What to do:
Your answer is the lines below, exactly, from the one that contains "바나나 D급. 중간 크기" through the one that contains "- Display : จอขนาด", both included.

Supplied material:
+===+

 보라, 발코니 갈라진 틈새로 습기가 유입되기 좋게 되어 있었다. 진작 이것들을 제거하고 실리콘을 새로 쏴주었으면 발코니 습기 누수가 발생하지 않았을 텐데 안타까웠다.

+===+

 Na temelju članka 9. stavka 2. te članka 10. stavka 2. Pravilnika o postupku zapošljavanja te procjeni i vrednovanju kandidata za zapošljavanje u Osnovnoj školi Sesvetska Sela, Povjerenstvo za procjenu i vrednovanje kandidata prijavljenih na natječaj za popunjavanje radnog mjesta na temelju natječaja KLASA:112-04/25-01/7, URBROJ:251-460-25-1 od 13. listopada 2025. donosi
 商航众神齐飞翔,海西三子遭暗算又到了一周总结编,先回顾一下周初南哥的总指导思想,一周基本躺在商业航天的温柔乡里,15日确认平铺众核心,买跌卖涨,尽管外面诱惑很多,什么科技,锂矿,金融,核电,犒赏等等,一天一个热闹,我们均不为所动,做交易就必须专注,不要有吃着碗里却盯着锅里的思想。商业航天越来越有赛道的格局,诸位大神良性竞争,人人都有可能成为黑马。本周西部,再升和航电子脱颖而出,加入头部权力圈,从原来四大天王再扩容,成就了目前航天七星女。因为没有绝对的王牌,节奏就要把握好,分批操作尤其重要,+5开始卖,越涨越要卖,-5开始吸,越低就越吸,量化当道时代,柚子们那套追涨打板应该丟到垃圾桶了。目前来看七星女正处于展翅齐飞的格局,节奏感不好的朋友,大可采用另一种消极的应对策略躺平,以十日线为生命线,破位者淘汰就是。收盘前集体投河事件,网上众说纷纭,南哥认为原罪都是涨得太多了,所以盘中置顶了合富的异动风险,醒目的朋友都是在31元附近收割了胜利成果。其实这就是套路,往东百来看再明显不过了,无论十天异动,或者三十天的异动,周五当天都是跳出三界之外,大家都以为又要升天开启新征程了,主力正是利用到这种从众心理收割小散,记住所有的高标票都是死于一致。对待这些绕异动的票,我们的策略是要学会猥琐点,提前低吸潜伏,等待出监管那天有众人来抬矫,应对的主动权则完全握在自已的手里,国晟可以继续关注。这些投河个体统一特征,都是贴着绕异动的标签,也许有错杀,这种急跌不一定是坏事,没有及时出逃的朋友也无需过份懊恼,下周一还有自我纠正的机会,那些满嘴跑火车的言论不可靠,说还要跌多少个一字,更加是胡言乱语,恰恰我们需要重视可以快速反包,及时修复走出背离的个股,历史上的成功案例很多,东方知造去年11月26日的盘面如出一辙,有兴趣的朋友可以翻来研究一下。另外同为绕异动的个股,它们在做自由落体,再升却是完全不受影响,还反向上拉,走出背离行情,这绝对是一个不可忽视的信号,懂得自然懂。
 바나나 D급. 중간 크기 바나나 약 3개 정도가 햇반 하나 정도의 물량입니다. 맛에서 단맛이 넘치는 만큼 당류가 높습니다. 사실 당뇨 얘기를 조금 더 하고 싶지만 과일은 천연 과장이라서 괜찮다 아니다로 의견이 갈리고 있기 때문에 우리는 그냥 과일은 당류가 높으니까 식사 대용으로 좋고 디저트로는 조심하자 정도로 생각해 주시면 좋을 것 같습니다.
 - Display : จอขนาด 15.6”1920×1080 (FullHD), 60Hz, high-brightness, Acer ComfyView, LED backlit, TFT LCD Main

+===+

Exercise answer:
 바나나 D급. 중간 크기 바나나 약 3개 정도가 햇반 하나 정도의 물량입니다. 맛에서 단맛이 넘치는 만큼 당류가 높습니다. 사실 당뇨 얘기를 조금 더 하고 싶지만 과일은 천연 과장이라서 괜찮다 아니다로 의견이 갈리고 있기 때문에 우리는 그냥 과일은 당류가 높으니까 식사 대용으로 좋고 디저트로는 조심하자 정도로 생각해 주시면 좋을 것 같습니다.
 - Display : จอขนาด 15.6”1920×1080 (FullHD), 60Hz, high-brightness, Acer ComfyView, LED backlit, TFT LCD Main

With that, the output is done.